Generic function declaration in Kotlin - Time & Space Complexity
When we write a generic function, it can work with many types of data. We want to see how the time it takes to run changes as the input size grows.
How does the function's work grow when we give it more items to handle?
Analyze the time complexity of the following code snippet.
fun <T> printAll(items: List<T>) {
for (item in items) {
println(item)
}
}
This function takes a list of any type and prints each item one by one.
Identify the loops, recursion, array traversals that repeat.

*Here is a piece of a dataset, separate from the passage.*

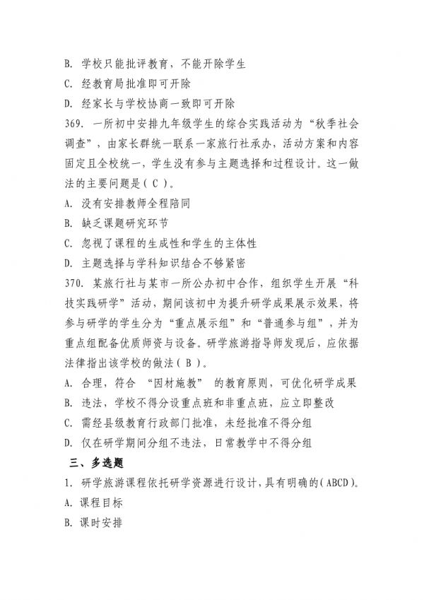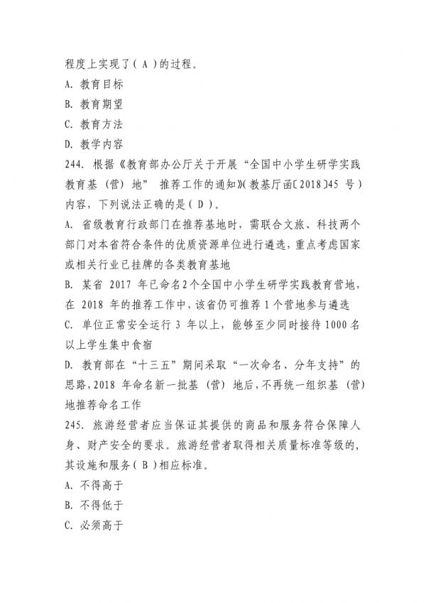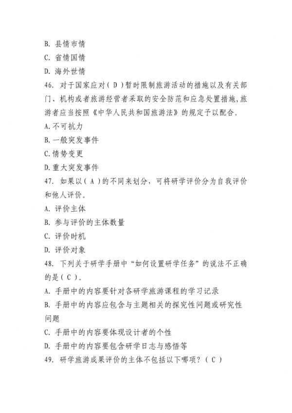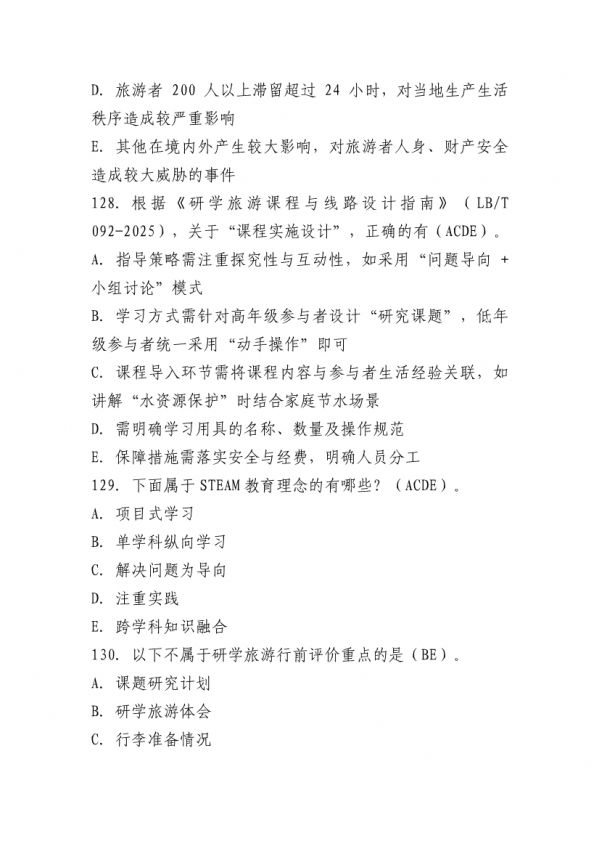 下列鏈接為”山東省“技能興魯”職業(yè)技能大賽 2025 年全省研學旅游指導師職業(yè)技能競賽理論知識測試題庫“

- Primary operation: Looping through each item in the list.
- How many times: Once for every item in the list.
As the list gets bigger, the function prints more items, so it does more work.
| Input Size (n) | Approx. Operations |
|---|---|
| 10 | 10 print actions |
| 100 | 100 print actions |
| 1000 | 1000 print actions |
Pattern observation: The work grows directly with the number of items. Double the items, double the work.
Time Complexity: O(n)
This means the time to run grows in a straight line with the number of items in the list.
[X] Wrong: "Because the function is generic, it must be slower or more complex."
[OK] Correct: The generic part only means it works with any type, but the loop still runs once per item, so the time depends on the list size, not the type.
Understanding how generic functions behave helps you explain your code clearly and shows you know how performance depends on input size, a key skill in programming.
"What if we changed the function to print only the first half of the list? How would the time complexity change?"